-- Listed records follows --

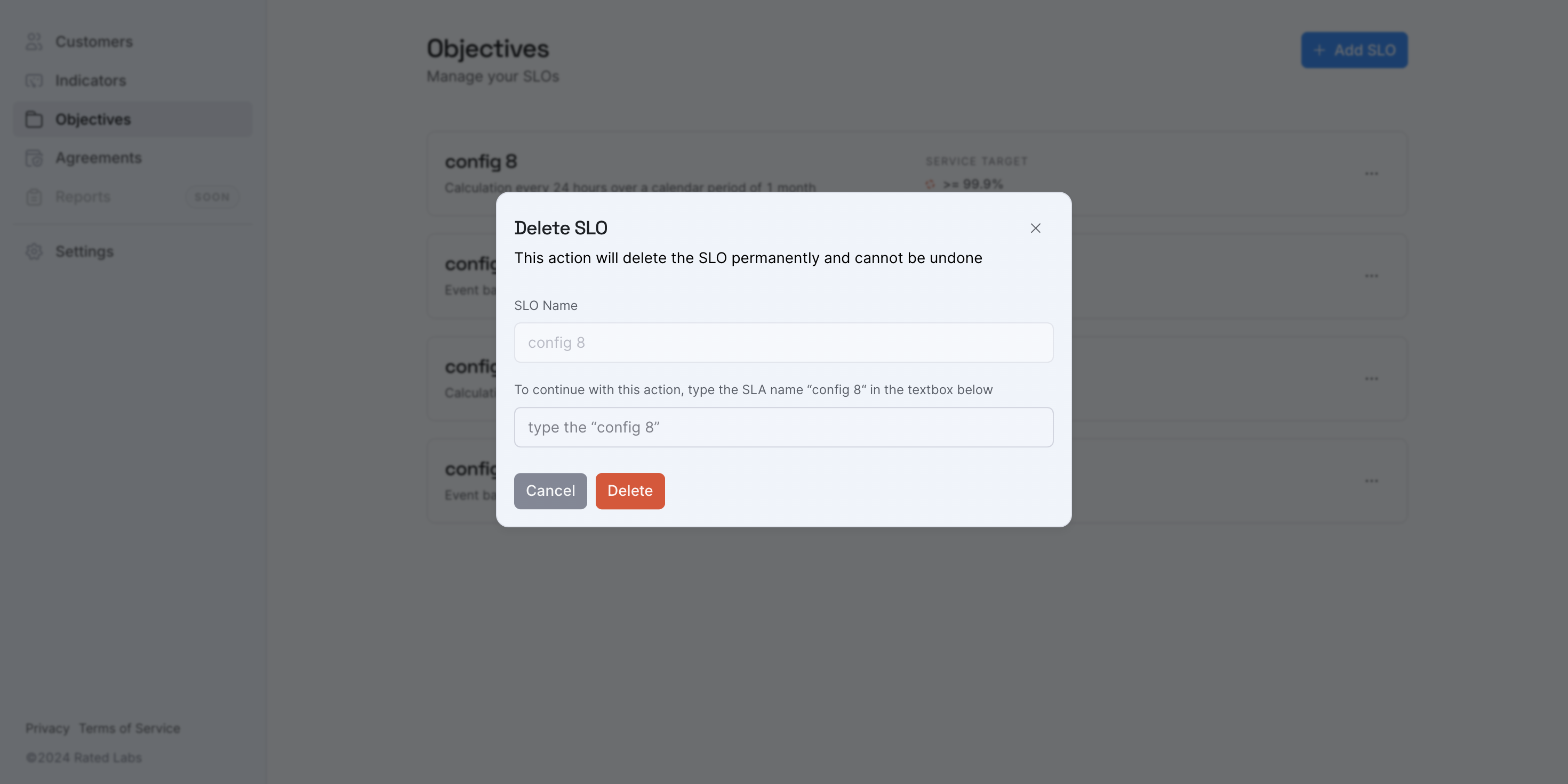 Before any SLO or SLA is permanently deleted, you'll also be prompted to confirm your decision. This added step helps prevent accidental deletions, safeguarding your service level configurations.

-- Listed records concluded --
-- Listed records follows --

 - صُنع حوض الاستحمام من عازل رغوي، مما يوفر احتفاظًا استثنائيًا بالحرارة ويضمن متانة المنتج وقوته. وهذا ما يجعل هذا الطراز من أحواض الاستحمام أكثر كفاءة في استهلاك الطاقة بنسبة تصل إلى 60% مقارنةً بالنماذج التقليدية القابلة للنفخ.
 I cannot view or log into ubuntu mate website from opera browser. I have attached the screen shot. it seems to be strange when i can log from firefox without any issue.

-- Listed records concluded --

• Instructions for the task: Above are the entries. Copy exactly the part that opens with the line containing "- صُنع حوض الاستحمام" and closes with the line containing "I cannot view", and no more.

• Final answer:
 - صُنع حوض الاستحمام من عازل رغوي، مما يوفر احتفاظًا استثنائيًا بالحرارة ويضمن متانة المنتج وقوته. وهذا ما يجعل هذا الطراز من أحواض الاستحمام أكثر كفاءة في استهلاك الطاقة بنسبة تصل إلى 60% مقارنةً بالنماذج التقليدية القابلة للنفخ.
 I cannot view or log into ubuntu mate website from opera browser. I have attached the screen shot. it seems to be strange when i can log from firefox without any issue.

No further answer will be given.